Feature Article Does Akufo Addo Sleep?
JUN 20, 2022 LISTEN

“They say we are all prospering, doing very well under their economic governance. They tell us that anyone who is able to transfer more than a hundred cedis to his grandmother in the village to buy paracetamol or mosquito spray is rich and should be levied. That’s 12 dollars 55 cents, by today’s exchange rate!"

All jokes aside, the economy is running out of sight and out of control. It does not look like anyone in government knows what to do to arrest our galloping inflation. Apparently, those who know what to do are clustered in the opposition party. They have perfected the art of proffering their solutions by word of mouth on radio to the admiration of the sufferers. Yet, their theories of obfuscation pronounce them as guilty as those they are seeking to supplant.

I have lost count of the number of times petrol prices have hiked in the past few years, whether under the NDC or the NPP. Inflation for the month of May is perching at an indecent 28 percent, with the indicators predicting frightening times ahead. The cedi has never looked so helpless, hapless and miserable.

There is a crisis situation in Ghana. With the government determined to transfer the rising cost of fuel to the consumer and showing no willingness to cushion the impact of these high prices on workers who themselves are reeling from the unprecedented cost of food and utilities, you don’t need to be a prophet of doom to see no light at the end of the tunnel. Our only light is more hardship, more doom and gloom.

But our problem is bigger than the inflation itself. In a national crisis, you would expect the coming together of our best brains in a national effort to either halt or minimize the inflation and chart a path out of the calamity in which we find ourselves.

But to the annoyance of independent minds, this is where our politicians seek to score cheap political points for their parties, as if the inflation on tomatoes has any respect for party colors! While the NPP is seeking to prove (unsuccessfully though) that it has managed the economy well, considering the global market forces working against its policies, the NDC remains resolutely relentless in its brutal condemnation of the NPP’s track record of incompetence in managing the affairs of the economy!

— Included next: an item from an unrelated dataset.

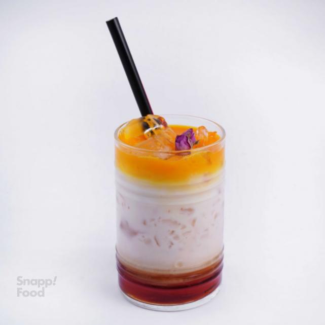 200 میلی لیتر، ترکیب مساوی اسپرسو 30% روبوستا، 70% عربیکا و شیر گرم، همراه با بادام زمینی
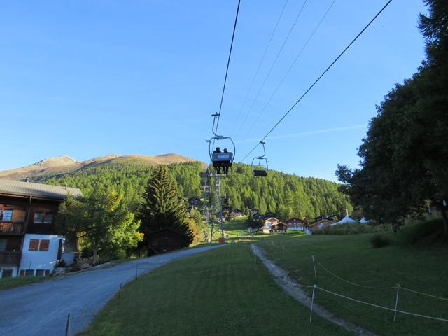 von Furggulti 2564 m.ü.M. sind wir mit der Sesselbahn hinabgeschwebt nach Flesche

And so here again, a national crisis which requires emergency treatment at the Economic Trauma Unit (ETU) is being unambiguously politicized ─ a recourse to the old strategy of polarization as a weapon of denial and legitimacy.

So what becomes of the masses who bear the brunt of the elephant fight? We look on helplessly in sorrow and woe as our evergreen politicians lecture us on radio and on television on how well we are doing as a nation. They say we are all prospering, doing very well under their economic governance. They tell us anyone who is able to transfer more than a hundred cedis to his grandmother in the village is rich and should be levied. That’s 12 dollars 55 cents, by today’s exchange rate!

With the hurricane of hardship sweeping us helter skelter, coupled with the incorrigibly atrocious levels of unemployment in this country, I dare ask the President whether he is able to catch a good night’s sleep! This is definitely not a good time for an ordinary president. But for a great president, the challenges could be fodder for excellence and achievement.